We verified the effectiveness of Auto Throttle using k6 load testing.
- Hardware: Local Dev Machine (Intel i7-8700, 32GB RAM)
- Environment: Spring Boot 3.2 + Java 21 (Virtual Threads)
- Traffic: Ramp up to 3,000 concurrent users (VUs)
- Endpoint: Simulated slow processing (100ms delay)
The table below compares the server performance under extreme load.
| Metric | Without Auto-Throttle | With Auto-Throttle | Impact |
|---|---|---|---|
| P95 Latency | 995.64 ms (Severe Lag) | 148.66 ms (Stable) | 6.7x Faster Response |
| System State | Overloaded (Queue Buildup) | Healthy (Fast Failure) | Prevented Cascading Failure |
| Load Shedding | 0 requests rejected | ~46,000 requests rejected | Effective Protection |
Conclusion: Without Auto Throttle, the server suffered from a backlog, causing response times to skyrocket to ~1 second. With Auto Throttle enabled, the server maintained its optimal response time (~150ms) by intelligently shedding excess load (HTTP 503), protecting existing users from degradation.
- Measurement: The library measures the Round-Trip Time (RTT) of every request using a high-performance ring buffer.
- Aggregation: Every 100ms (configurable), it calculates the average RTT and tracks the minimum RTT (minRTT) seen so far.
- Estimation: It calculates the estimated queue size using Little's Law principles derived from TCP Vegas:
QueueSize = CurrentLimit * (1 - minRTT / CurrentRTT)
- Adjustment:
- If
QueueSize < Alpha: The system is underutilized. Increase the limit. - If
QueueSize > Beta: The system is congested.

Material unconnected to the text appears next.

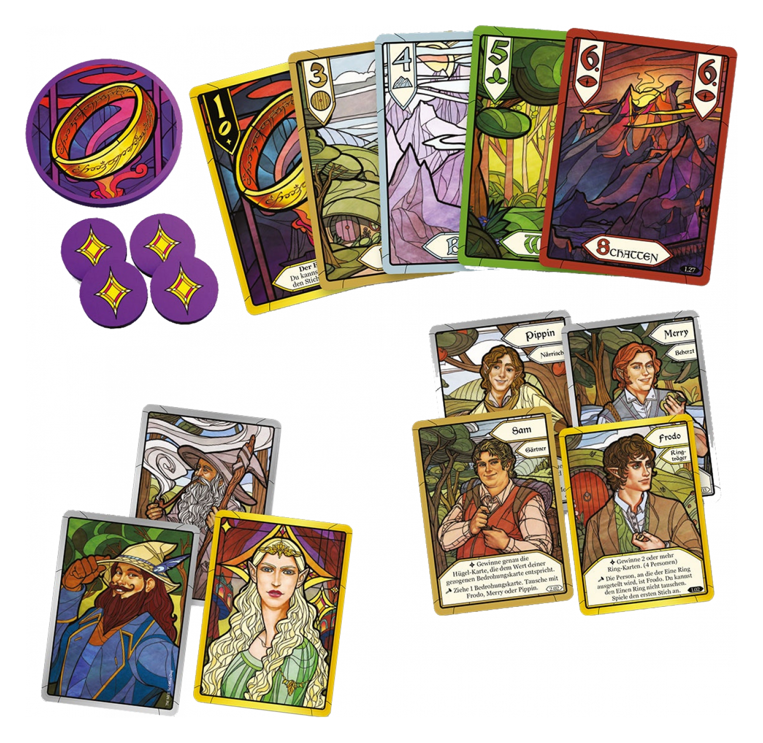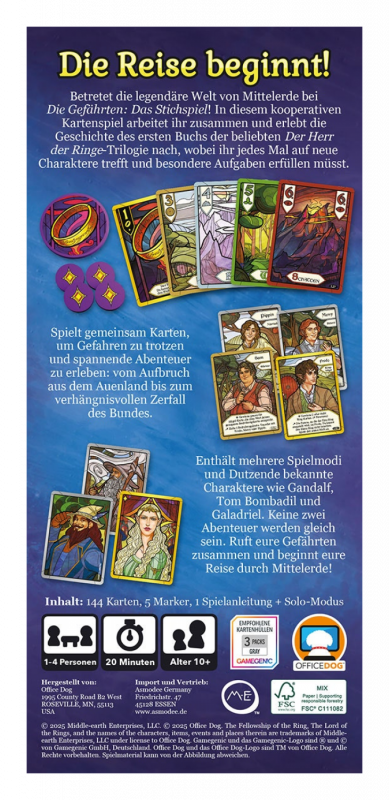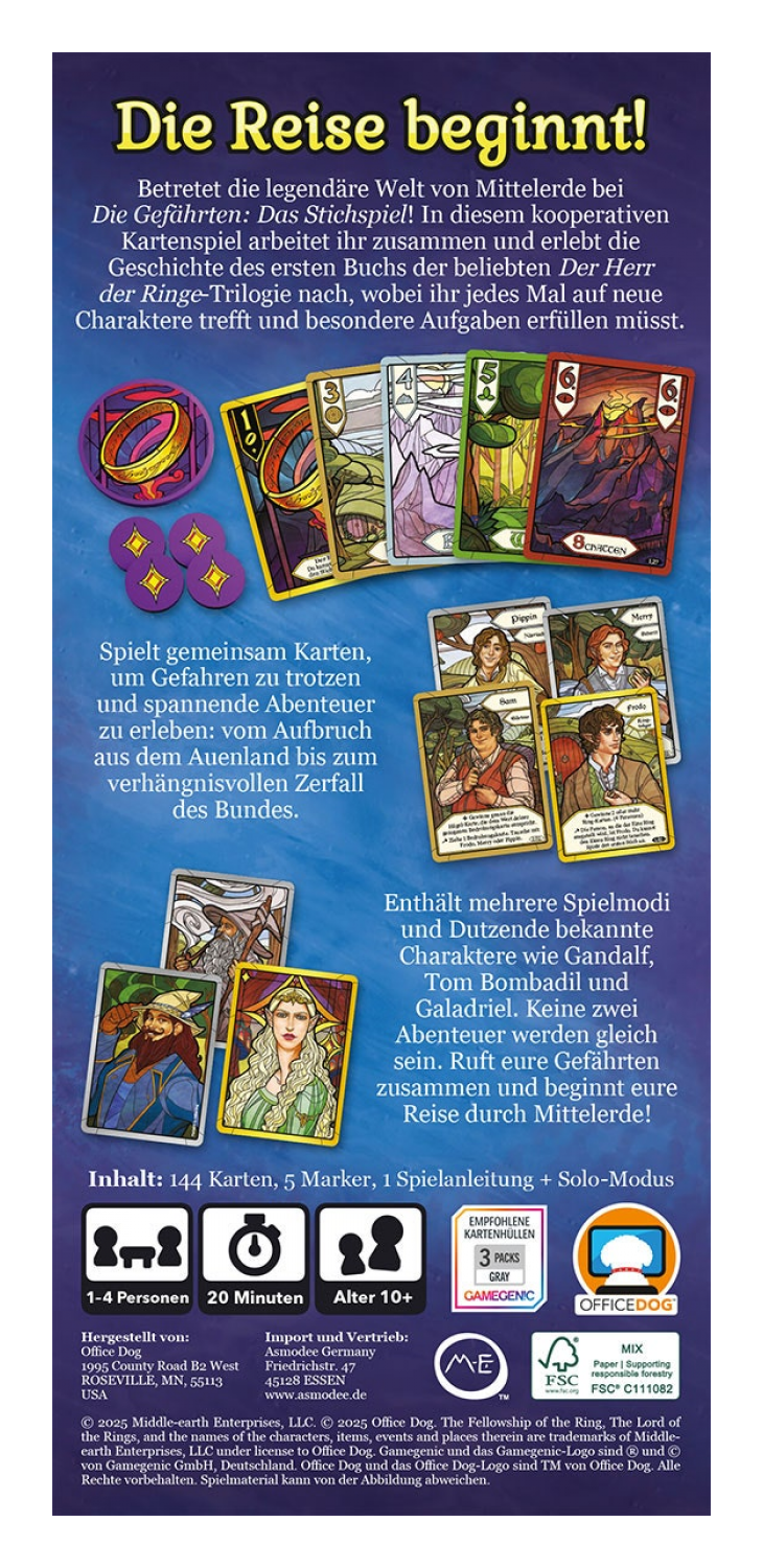 Der Herr der Ringe: Die Gefährten – Das Stichspiel ist ein kooperatives Kartenspiel für 1 bis 4 Personen, das euch in 18 Kapiteln durch den ersten Teil von J. R. R. Tolkiens klassischer Roman-Trilogie Der Herr der Ringe begleitet. Spielt gemeinsam Karten, um Gefahren zu trotzen und spannende Abenteuer zu erleben: vom Aufbruch aus dem Auenland bis zum verhängnisvollen Zerfall des Bundes.

Decrease the limit. - Otherwise: Maintain the current limit.
Auto Throttle is optimized for high-concurrency scenarios.
If your traffic is very low (e.g., < 50 RPS), the algorithm might not collect enough samples (MIN_SAMPLES) within the default window (100ms).
- Solution: Increase the update interval window size in configuration.
During the initial startup (Cold Start), request latencies may be higher due to JVM warmup (JIT compilation). The limiter might behave conservatively during this phase but will automatically adapt as the application stabilizes and latencies decrease.
This project is licensed under the MIT License. See the LICENSE file for details.